I am going to call a spade a spade: DC’s Titans: Villains for Hire Special is low entertainment of the highest caliber. In this comic book, five super-villains band together to battle and assassinate one defenseless, disposable superhero. Slade Wilson lives up to his reputation and name; he provides the death stroke that successfully terminates his victim. Mission accomplished.

Under current circumstances in the DC Universe, the four individuals Slade approaches to join him have better choices to make regarding their respective personal lives rather than signing on to commit murder (despite Slade’s assurances that, subsequently, all will be made well for them)–but then it would not be low entertainment, would it?

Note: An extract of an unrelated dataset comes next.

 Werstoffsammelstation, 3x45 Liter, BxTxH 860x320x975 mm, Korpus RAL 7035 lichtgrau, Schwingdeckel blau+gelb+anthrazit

Titans: Villains For Hire Special spirals into bloody, senseless violence, but it’s not shocking; it’s too familiar to be shocking. I found it very sad–“sad” in a gloomy, depressing way–because, no matter how you slice it, the best DC could do (and DC does it a lot) is take one of their superheroes and kill him–brutally, for no apparent reason other than because he doesn’t fit into their universe anymore (and not because he’s a minority, as has suggested elsewhere–shoot, if it could only be that controversial).

This comic is about as low as “low entertainment” can get–but I’m not losing sleep over it because I know there’s more than low entertainment out there in comics. Over the past few days, I have read several fine publications:

  • Wilson by Daniel Clowes,
  • Daytripper #5 by Fábio Moon and Gabriel Bá,
  • Luna Park by Kevin Baker and Danijel Zezelj,
  • Market Day by James Sturm,
  • And The Complete Peanuts 1975-1976 by Charles M. Schulz.

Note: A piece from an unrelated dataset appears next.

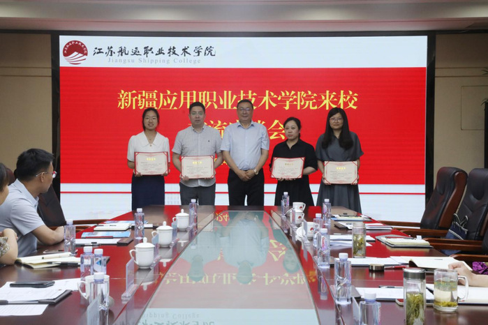 我校与江苏航运职业技术学院党委副书记、校长吴丽华进行了座谈交流。吴丽华校长介绍了本校的办学历程,并从专业特色、专业优势、国际输出专业等方面介绍了江苏航运职业技术学院的智慧与方案。同时,双方深入交流了中外合作办学项目的背景、办学定位、人才培养模式等情况。江苏航运职业技术学院相关部门负责同志就国际化办学做了详细的介绍并就留学生培养、师资培养给出了建议。座谈会上,澳门网投向江苏航运职业技术学院赠送了援疆光荣牌匾,并向优秀援疆柔性人才颁发了荣誉证书。

These books involve storytelling of the highest caliber. They moved me, captivated me, enlightened me, and compelled me to read them again–leaving me feeling real good about comics’ potential.

No, not potential . . . achievements as an art form. I can’t recommend the above list of books highly enough. Unfortunately, Villains for Hire is getting a lot of press (this past week, anyway, but something just as brutal will replace it next week)–and I’m certainly not helping matters with this column in which I am also giving it publicity.

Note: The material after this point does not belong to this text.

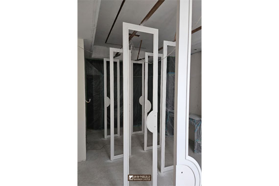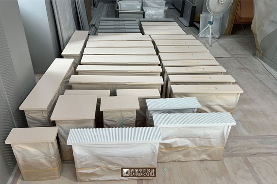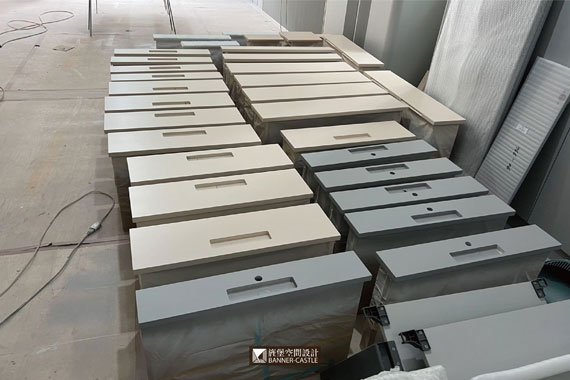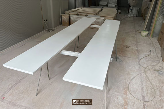 由於此案場的噴漆是升級版-烤漆,使用專用噴槍將漆料以霧狀噴塗到櫃體,由於噴漆是大面積噴塗,所以看上去會比較均勻,平整光滑、觸感細緻,施工速度也比較快速,利用油性的噴漆經過多次程序加工,經過多道噴塗研磨,讓表面變得細緻光滑絲質感,成就空間與物品的奢華大器。

Fortunately, I also want to publicize some books you should be reading instead. There is a scene of quiet tragedy at the end of Daytripper #5, light years away creatively from the desperate brutality that some will think is tragedy in Titans: Villains for Hire Special–but, for crying out loud, I sincerely hope no one is fooled into thinking that.

Daytripper #5 wrenches your heart. Villains for Hire wants to wrench your senses and, like the best low entertainment, it does so. It provides shock value, and if a ton of attention goes its way, and it sells at a specified range (and it probably will), we’ll be seeing more of its kind.

Still, that’s okay. Low entertainment has its place. It’s going to keep coming back. In that respect, Villains for Hire might as well sell, because regardless of how I feel about a comic (any comic), the fact that it’s selling well is good for the comic book shops.

However, I also want the good stuff to sell well, too–and there’s plenty of good . . . better yet . . . great comics out there being produced. Right now!

I can’t lose sight of that fact by giving the low entertainment too much time and thought. I’ll accept that low entertainment sells, give it its “due” (quickly), but then give my best critical thought to what I feel is artistically worthy so that it has the opportunity to garner the attention that will benefit it in sales.

With that call to arms, I’m on to Daytripper #6. You should be too.